PADANG – Komisi VI DPR RI membuka peluang bagi koperasi di Sumatra Barat untuk menjadi distributor penyalur pupuk bersubsidi, asal memenuhi syarat sesuai aturan.

“Koperasi yang memenuhi syarat harus diberi kesempatan menjadi distributor. Ini sekaligus bentuk dukungan terhadap perkembangan koperasi,” kata pimpinan rombongan Komisi VI, Aria Bima, saat bertemu dengan sejumlah pemangku kepentingan di Sumbar, Rabu (18/12/2019).

Ia meminta PT Pupuk Indonesia Holding Company (PIHC) untuk segera merealisasikan hal itu, tidak menunggu hingga evaluasi akhir 2020.

Setidaknya, ada satu atau dua koperasi di Sumbar yang bisa menjadi distributor secepatnya. Koperasi itu juga akan menjadi uji coba, apakah benar-benar sanggup mengelola pupuk bersubsidi atau tidak.

“Saya yakin, anggota koperasi ini juga anggota kelompok tani atau gabungan kelompok tani, sehingga faktor tepat waktu, tepat jumlah dan tepat harga akan bisa tercapai,” katanya.

Ia menilai, tahap awal koperasi cukup diberi lingkup usaha distributor untuk satu atau dua kecamatan saja. Hasilnya dievaluasi pada akhir tahun. Kalau berhasil, ke depan koperasi harus menjadi salah satu lembaga yang bisa mengelola pupuk bersubsidi.

Direktur Pemasaran PT PIHC, Ahmad Tosin, menyebut pihaknya siap menjalankan kebijakan itu, asal koperasi yang ditunjuk benar-benar siap secara persyaratan, seperti punya gudang dan anggaran.

Hanya saja, menjadi distributor skala kecil kemungkinan tidak akan memberikan keuntungan sesuai harapan dari koperasi.

“Artinya kerja sudah jalan, tapi untungnya nggak kelihatan,” katanya.

Saat ini, menurutnya jumlah distributor pupuk bersubsidi di Sumbar berjumlah 33 unit. Distributor itu telah membagi habis seluruh wilayah di Sumbar dengan kuota sekitar 51 ribu ton per tahun.

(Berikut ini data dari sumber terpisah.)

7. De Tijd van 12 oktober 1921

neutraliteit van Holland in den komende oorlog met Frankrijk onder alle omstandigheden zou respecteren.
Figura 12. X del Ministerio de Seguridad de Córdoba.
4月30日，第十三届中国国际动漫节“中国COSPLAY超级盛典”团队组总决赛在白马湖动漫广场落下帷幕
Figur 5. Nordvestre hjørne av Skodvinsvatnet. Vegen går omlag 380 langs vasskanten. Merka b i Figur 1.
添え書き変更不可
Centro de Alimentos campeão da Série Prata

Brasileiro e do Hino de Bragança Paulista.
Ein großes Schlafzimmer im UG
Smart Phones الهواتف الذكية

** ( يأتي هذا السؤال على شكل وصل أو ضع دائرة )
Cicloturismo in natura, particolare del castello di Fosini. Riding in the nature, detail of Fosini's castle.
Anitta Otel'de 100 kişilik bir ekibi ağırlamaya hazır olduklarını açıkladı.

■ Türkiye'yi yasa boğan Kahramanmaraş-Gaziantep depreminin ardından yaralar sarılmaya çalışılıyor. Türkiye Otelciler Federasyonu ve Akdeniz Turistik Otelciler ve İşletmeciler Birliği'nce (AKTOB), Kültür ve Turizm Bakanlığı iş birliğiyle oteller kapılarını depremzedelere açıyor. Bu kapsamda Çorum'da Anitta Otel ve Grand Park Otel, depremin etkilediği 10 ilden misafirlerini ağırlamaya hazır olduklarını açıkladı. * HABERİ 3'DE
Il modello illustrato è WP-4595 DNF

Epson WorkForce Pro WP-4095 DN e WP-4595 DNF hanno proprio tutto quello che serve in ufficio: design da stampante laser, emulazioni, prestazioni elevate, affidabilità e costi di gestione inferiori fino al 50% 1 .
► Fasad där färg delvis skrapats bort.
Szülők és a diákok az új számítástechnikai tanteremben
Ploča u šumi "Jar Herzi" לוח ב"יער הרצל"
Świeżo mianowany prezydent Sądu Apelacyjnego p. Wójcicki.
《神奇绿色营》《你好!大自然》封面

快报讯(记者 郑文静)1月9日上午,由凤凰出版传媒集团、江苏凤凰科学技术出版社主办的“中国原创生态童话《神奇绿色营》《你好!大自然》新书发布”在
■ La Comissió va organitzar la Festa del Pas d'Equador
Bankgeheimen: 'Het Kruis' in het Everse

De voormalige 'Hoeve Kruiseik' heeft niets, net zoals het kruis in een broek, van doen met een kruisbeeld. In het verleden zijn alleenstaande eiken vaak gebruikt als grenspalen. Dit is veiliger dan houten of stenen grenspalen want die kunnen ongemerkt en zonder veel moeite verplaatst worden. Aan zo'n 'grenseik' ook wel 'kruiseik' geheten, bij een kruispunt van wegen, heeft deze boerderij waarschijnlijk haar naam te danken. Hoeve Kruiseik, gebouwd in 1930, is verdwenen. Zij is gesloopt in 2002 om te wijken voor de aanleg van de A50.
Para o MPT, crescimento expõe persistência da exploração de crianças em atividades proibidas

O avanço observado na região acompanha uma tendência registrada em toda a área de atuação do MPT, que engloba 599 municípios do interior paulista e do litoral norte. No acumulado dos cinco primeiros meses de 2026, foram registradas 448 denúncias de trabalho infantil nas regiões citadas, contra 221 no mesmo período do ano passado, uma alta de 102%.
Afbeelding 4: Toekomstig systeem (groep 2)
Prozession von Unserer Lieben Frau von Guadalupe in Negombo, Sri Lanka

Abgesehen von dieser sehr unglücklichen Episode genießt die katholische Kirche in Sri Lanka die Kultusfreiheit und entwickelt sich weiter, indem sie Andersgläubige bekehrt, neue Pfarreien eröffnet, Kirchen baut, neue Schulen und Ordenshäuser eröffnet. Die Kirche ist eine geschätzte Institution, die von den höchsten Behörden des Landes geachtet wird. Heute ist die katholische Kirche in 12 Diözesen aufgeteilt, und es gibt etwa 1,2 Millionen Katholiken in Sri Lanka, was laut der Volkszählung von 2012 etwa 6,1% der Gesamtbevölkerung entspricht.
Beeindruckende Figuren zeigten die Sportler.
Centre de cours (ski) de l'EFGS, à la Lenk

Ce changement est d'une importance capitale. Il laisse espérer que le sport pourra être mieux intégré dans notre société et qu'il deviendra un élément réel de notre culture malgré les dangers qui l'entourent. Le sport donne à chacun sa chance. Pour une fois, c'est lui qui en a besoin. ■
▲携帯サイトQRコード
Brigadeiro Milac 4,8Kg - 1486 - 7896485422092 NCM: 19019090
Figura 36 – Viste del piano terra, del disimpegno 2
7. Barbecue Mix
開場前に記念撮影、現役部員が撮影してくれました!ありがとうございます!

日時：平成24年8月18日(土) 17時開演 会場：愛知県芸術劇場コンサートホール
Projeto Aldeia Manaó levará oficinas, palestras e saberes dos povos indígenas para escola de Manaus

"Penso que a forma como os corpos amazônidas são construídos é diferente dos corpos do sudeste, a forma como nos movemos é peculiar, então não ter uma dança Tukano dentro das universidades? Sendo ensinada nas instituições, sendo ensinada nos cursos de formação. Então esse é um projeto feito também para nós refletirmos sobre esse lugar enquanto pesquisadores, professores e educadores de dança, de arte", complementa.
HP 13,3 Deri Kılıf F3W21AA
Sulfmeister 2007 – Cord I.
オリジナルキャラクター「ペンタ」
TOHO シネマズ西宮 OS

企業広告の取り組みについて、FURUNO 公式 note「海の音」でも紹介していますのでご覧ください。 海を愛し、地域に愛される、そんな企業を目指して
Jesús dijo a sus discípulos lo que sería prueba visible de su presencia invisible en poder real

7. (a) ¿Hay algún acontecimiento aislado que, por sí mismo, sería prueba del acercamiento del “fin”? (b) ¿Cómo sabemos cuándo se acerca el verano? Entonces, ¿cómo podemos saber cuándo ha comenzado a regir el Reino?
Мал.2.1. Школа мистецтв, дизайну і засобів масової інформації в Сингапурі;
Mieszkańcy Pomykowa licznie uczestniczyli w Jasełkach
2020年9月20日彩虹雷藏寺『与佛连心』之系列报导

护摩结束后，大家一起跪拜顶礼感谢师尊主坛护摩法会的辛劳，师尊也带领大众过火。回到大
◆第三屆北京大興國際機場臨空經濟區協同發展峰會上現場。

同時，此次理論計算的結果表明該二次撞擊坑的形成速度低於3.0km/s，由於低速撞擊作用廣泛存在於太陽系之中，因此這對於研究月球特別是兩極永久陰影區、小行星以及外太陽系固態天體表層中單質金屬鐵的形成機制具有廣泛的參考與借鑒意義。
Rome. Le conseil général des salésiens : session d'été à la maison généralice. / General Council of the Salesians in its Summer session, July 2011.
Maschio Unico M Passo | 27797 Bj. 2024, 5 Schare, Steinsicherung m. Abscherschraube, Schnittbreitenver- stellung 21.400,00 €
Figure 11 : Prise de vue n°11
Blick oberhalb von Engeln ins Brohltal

Sebelumnya, Kepala Dinas Koperasi dan UKM Sumbar, Zirma Yusri, mengatakan, sudah belasan tahun koperasi di daerah itu tidak diberikan kesempatan menjadi distributor pupuk bersubsidi. Ia meminta Komisi VI menfasilitasi agar koperasi kembali bisa menjadi distributor, karena dulu saat koperasi menyalurkan pupuk, tidak ada persoalan kelangkaan seperti yang sering terjadi saat ini.

Dalam pertemuan yang sama, Gubernur Sumbar, Irwan Prayitno, mengatakan penyaluran pupuk bersubsidi di daerah itu relatif lancar, tidak ada masalah berarti.

Tetapi memang pernah terjadi kelangkaan pupuk saat masa tanam pada sejumlah kabupaten, seperti Pesisir Selatan dan Pasaman. Namun, persoalan itu sudah bisa diatasi. (Ant)

Lihat juga...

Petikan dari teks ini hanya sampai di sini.